Anticipating a legal defeat, the government proposed to amend the scope of the waiting zone. The definition of the waiting zone was further extended in 2011. Since then, ad hoc waiting zones may also be created when a group of 10 non-citizens arrives in France outside of a border crossing (for example on a beach). In this case, the waiting zone will run between places where authorities have found the non-citizens and the closest border checkpoint. Interestingly, this change in legislation was triggered by a (perceived) immigration crisis: a boat dropped off 123 refugees in Corsica in January 2010 (Jamet, 2010). These non-citizens were placed in detention centres all over the country and then released by judges as the government had not respected legal procedures. Eric Besson, then Minister of Immigration, argued that it was necessary for administrative authorities to be able to create temporary waiting zones so that irregular migrants would not abscond and wander around the Schengen area freely (Law commission, 2010).
Today, since the new law that passed in July 2015, asylum seekers arriving at airport borders may be admitted to the territory when deemed particularly vulnerable by the refugee agency. When not considered as such, unaccompanied minors seeking asylum still experience the exclusionary waiting zone regime, save in a very few cases. The Law of 29 July 2015, was adopted to incorporate two European directives of June 2013 pertaining to asylum: the Asylum Procedures Directive (CEU, 2013/32/EU) and the Reception Conditions Directive (CEU, 2013/33/EU). In 2016, the refugee agency heard 902 asylum claimants at French maritime and airport borders. Out of this number, only five were allowed into the regular refugee determination system on account of their vulnerability (OFPRA, 2017: 41–42). The vast majority of individuals in search of international protection continue to be subjected to a less protective legal framework at French airport borders.
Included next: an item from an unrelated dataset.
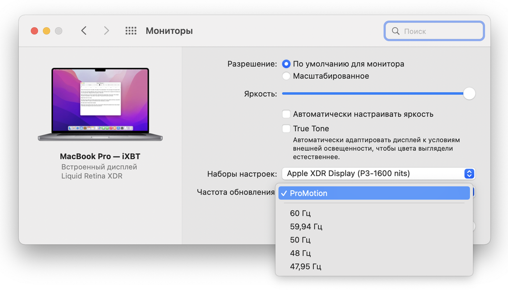 | Экран | Liquid Retina XDR 16,2 дюйма, 3456×2234 | |

Excised Zones: On Land and at Sea
While covering a vastly larger geographical area, the history of Australia’s excised zones holds much in common with the development of France’s port of entry waiting zones. Contemporary Australian excised zones developed over a time period that begins in the 1980s, as shown in Table 2. The first decision to excise in 2001 was precipitated by one infamous crisis episode in recent Australian history, known as the MV Tampa incident. When a Norwegian freighter rescued over 400 migrants on a ship that was in distress, Prime Minister John Howard refused to allow the Captain call at the next port of entry, Christmas Island, which is Overseas Australian Territory. Facing poor chances of re-election according to polls, Howard turned a regional rescue operation into an international incident. This was a political move to establish a hard line on border enforcement that ultimately proved successful in Howard’s re-election.
Timeline of Australian Territorial Excision, 1980–2014.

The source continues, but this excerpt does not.